• [Problem to work on] Write out exactly the lines from the one containing "A mid-shot photograph" to the end of the material, both ends included, and nothing else. Leave pictures out.

• [Supplied data]
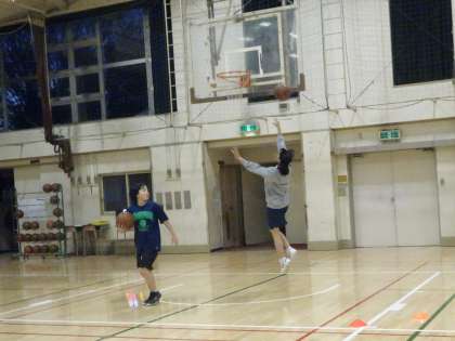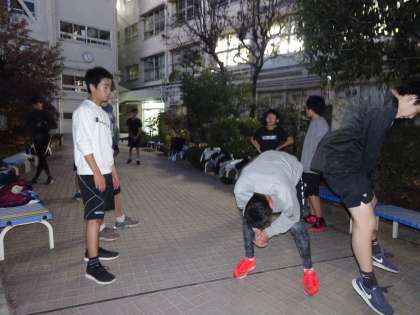 放課後、バスケットボール部が活動しています。男子は外練です。サーキットトレーニングをしています。女子は体育館でアップシュートの練習です。(遠藤)
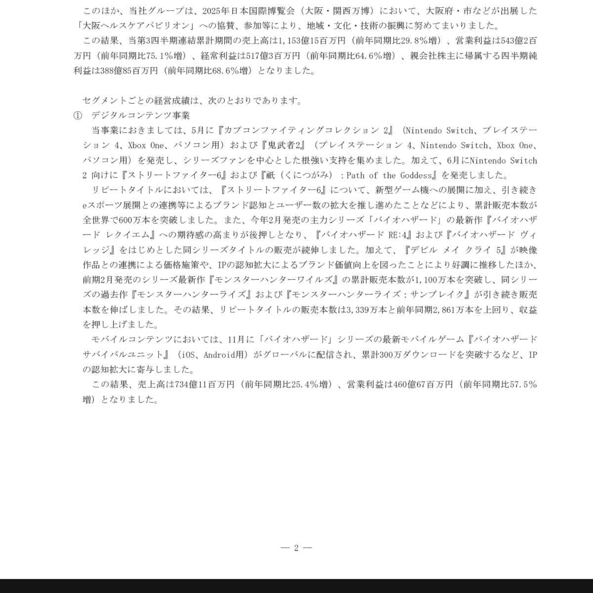 >今年2月発売のシリーズ最新作『モンスターハンターワイルズ』の販売に伴い、同シリーズの過去作『モンスターハンターライズ』が引き続き販売本数を伸ばすなど、第三四半期
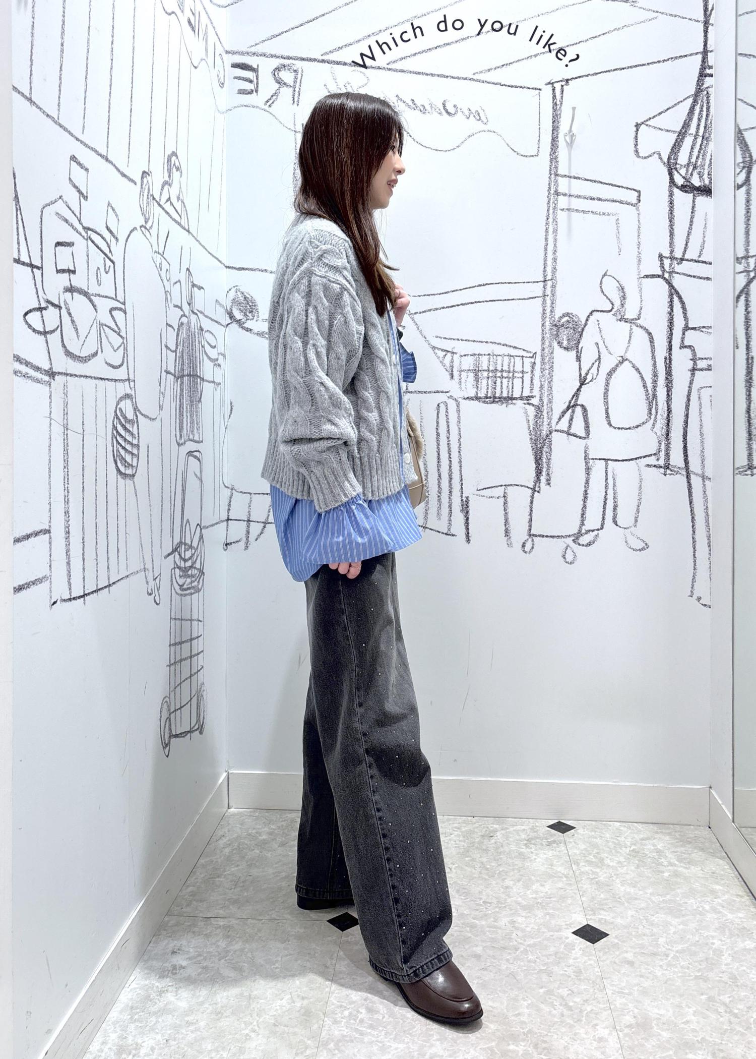 アイテムがシンプルなので、レイヤードや、デニムのキラキラビジューでアクセントを出しました。
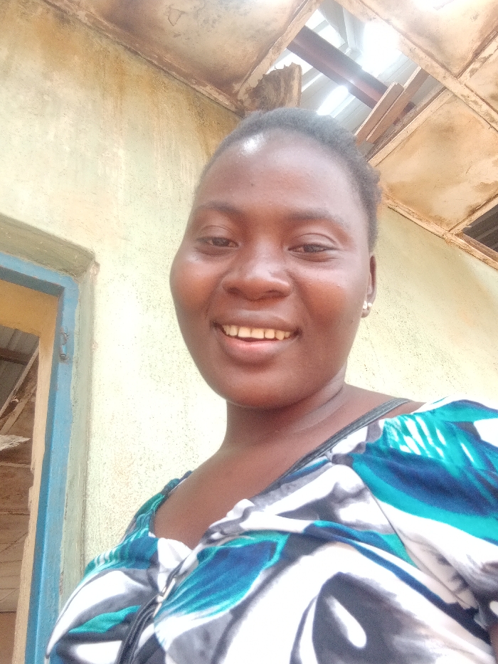 A mid-shot photograph features an adult female subject centrally positioned, smiling directly at the camera. The subject has dark skin, short dark hair, and is wearing a multi-patterned top in shades of blue, teal, white, and black. A small, light-colored stud earring is visible in her left earlobe. The background consists of a light-colored, possibly beige or pale yellow, wall exhibiting discoloration and wear. To the subject's left, a faded light blue doorframe is visible, revealing rough interior construction elements beyond it. Above and to the subject's right, a damaged or incomplete ceiling structure is present, exposing wooden beams and corrugated metal roofing material. The ceiling panels are light-colored and show signs of deterioration and missing sections. This scene is located in the city of Akwanga, Nigeria.
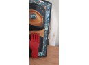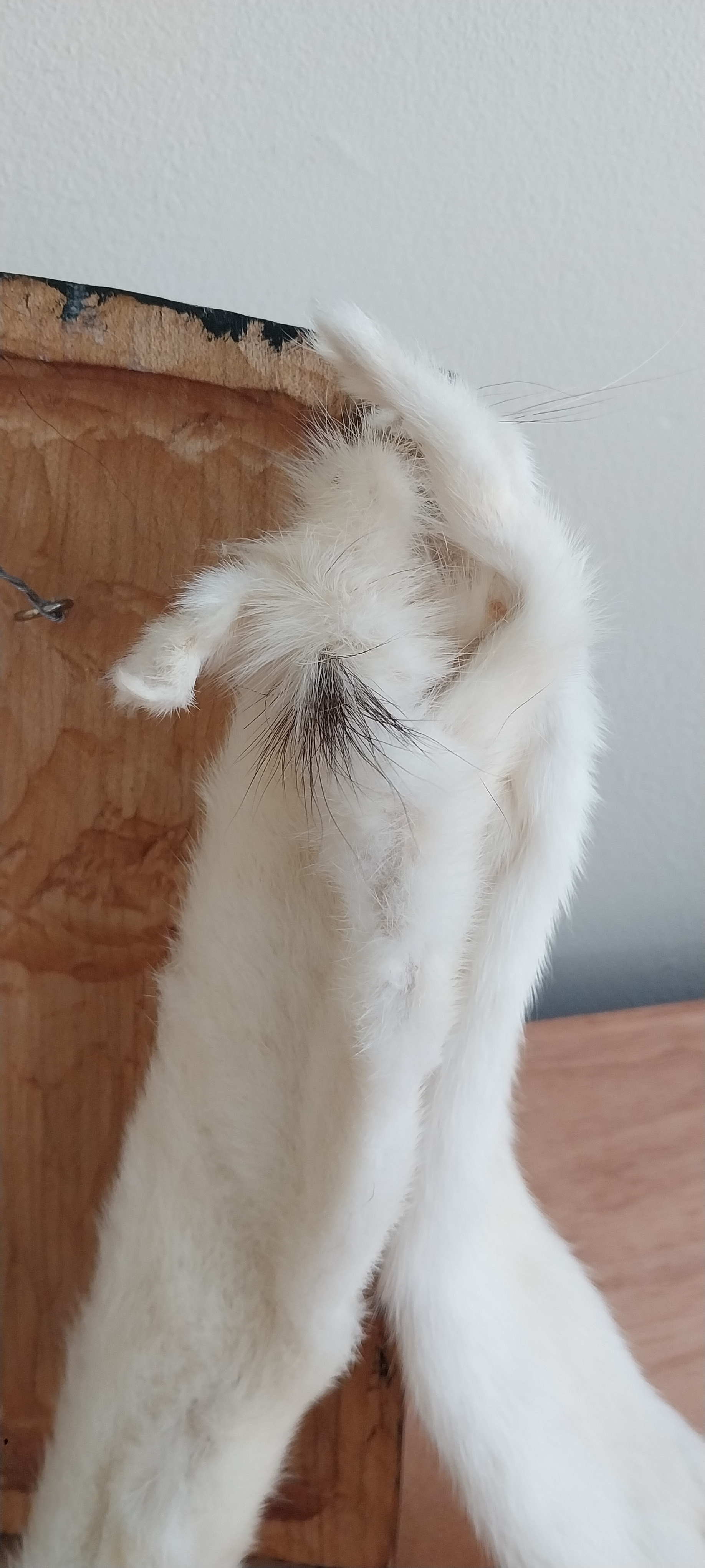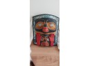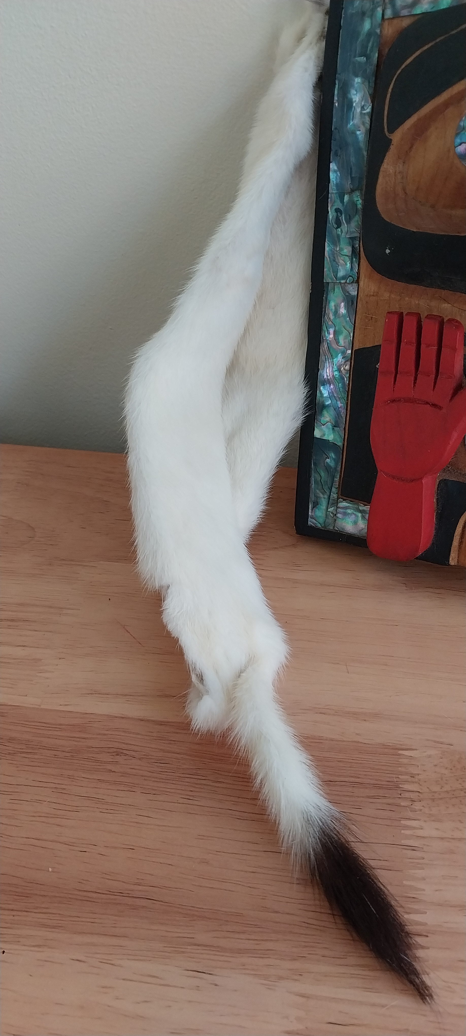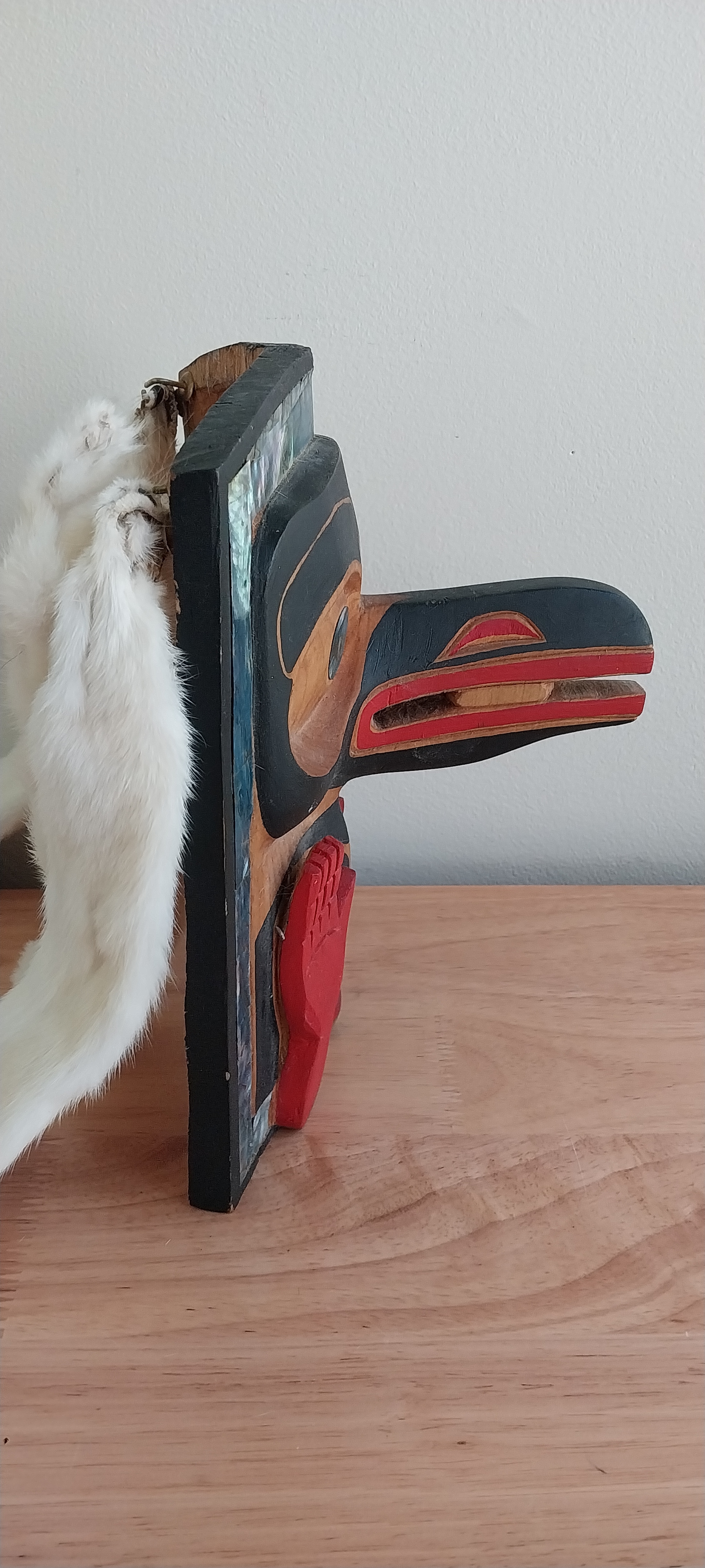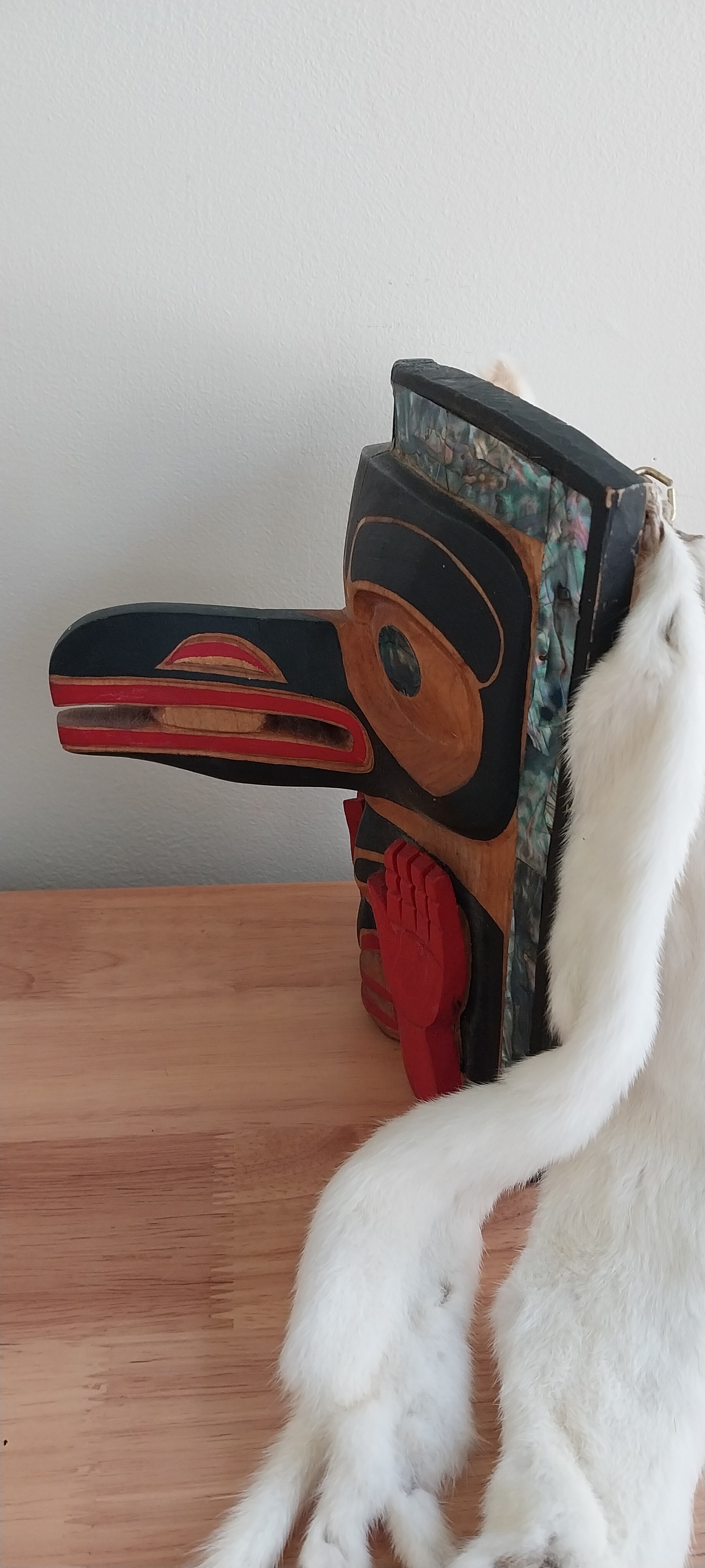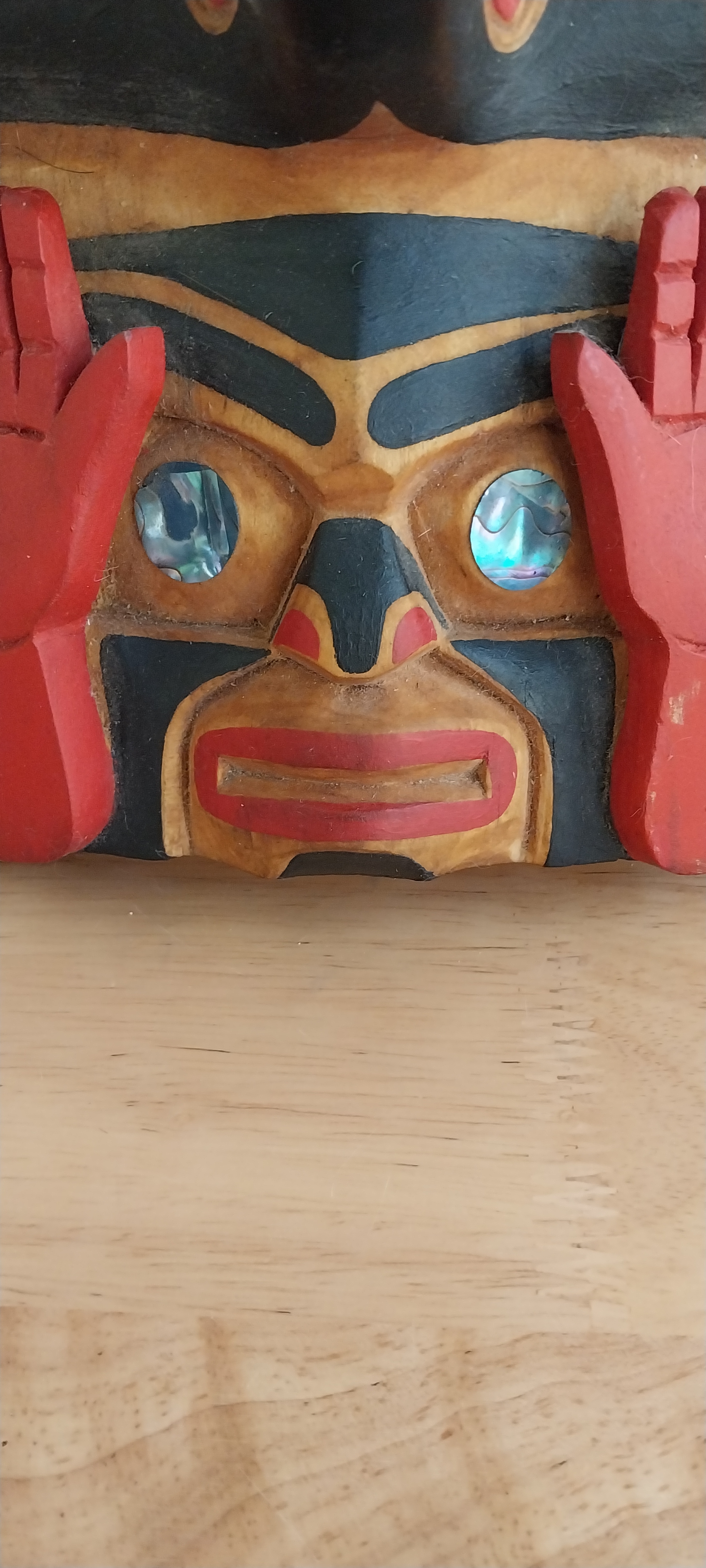 Carved wood with inlay of abalone. Fur pelts hang from both side of the face.

• [Response to the task]
 A mid-shot photograph features an adult female subject centrally positioned, smiling directly at the camera. The subject has dark skin, short dark hair, and is wearing a multi-patterned top in shades of blue, teal, white, and black. A small, light-colored stud earring is visible in her left earlobe. The background consists of a light-colored, possibly beige or pale yellow, wall exhibiting discoloration and wear. To the subject's left, a faded light blue doorframe is visible, revealing rough interior construction elements beyond it. Above and to the subject's right, a damaged or incomplete ceiling structure is present, exposing wooden beams and corrugated metal roofing material. The ceiling panels are light-colored and show signs of deterioration and missing sections. This scene is located in the city of Akwanga, Nigeria.
 Carved wood with inlay of abalone. Fur pelts hang from both side of the face.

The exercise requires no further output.